The appellate court said the history of the case showed that “on any reckoning, the scale of litigation, which is likely unprecedented in the South African courts, justifiably attracts the epithet ‘Stalingrad’”.

Zuma made his first court appearance in 2005 and pleaded not guilty to fraud, corruption, money-laundering and racketeering charges in May 2021, but the myriad of interim applications means no evidence has been led.

Once Chili had ruled, Downer rose and asked that the court set a trial date.

“In the pecking order of cases on the court rolls of our country, this matter should be given the highest priority,” he added.

Zuma’s counsel, advocate Dali Mpofu, countered that Downer was mistaken in arguing that the dismissal of the application for his removal meant the trial could proceed because his client was seeking leave to appeal Chili’s ruling.

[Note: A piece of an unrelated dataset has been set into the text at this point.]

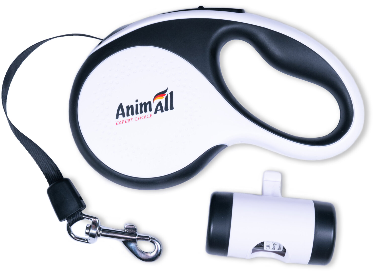 Рулетка-повідець AnimAll з диспенсером L до 50 кг/5 метрів біла MS7016-B

This meant that the operation of the ruling was suspended, and would remain so pending the outcome of the appeal bid, he said before accusing Downer of discourtesy on the matter of court dates.

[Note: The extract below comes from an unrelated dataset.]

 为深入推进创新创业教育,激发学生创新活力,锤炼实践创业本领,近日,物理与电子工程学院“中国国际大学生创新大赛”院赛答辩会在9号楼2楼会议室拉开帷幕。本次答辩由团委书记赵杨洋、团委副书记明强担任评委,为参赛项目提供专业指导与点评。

Mpofu said although Downer told the court that he had discussions with advocate Barry Roux, who is appearing for Thales, the second defendant, he has had none with Zuma’s legal team. He then moved that the matter be postponed indefinitely, to allow the parties to hold private case management discussions. 

Downer objected, saying: “The state opposes that with all the might that we can possibly summon.”

He reiterated that in the state’s view Chili’s ruling brought the case back to where it stood before Zuma filed for his removal, and would develop this argument in due course.

Therefore, he said, the state was not prepared “to go back onto the merry-go-round of timetables and the exchange of papers and the appeals on this issue on which Your Lordship has ruled today in order to postpone the setting of a trial date”.

He suggested that the court adjourn briefly to allow counsel to confer on a trial date.

Chili proposed that a date be set for a pre-trial conference, but Downer said that posed the risk of counsel’s diaries filling up in the meanwhile, which would make for further delays.

“We don’t want that My Lord, the public does not want it, we don’t want it, the courts don’t want it and your Lordship does not want it. 

“The courts have ruled, the courts have ruled firmly and we now need to move on.”

Chili set the matter down for a pre-trial hearing on 17 May.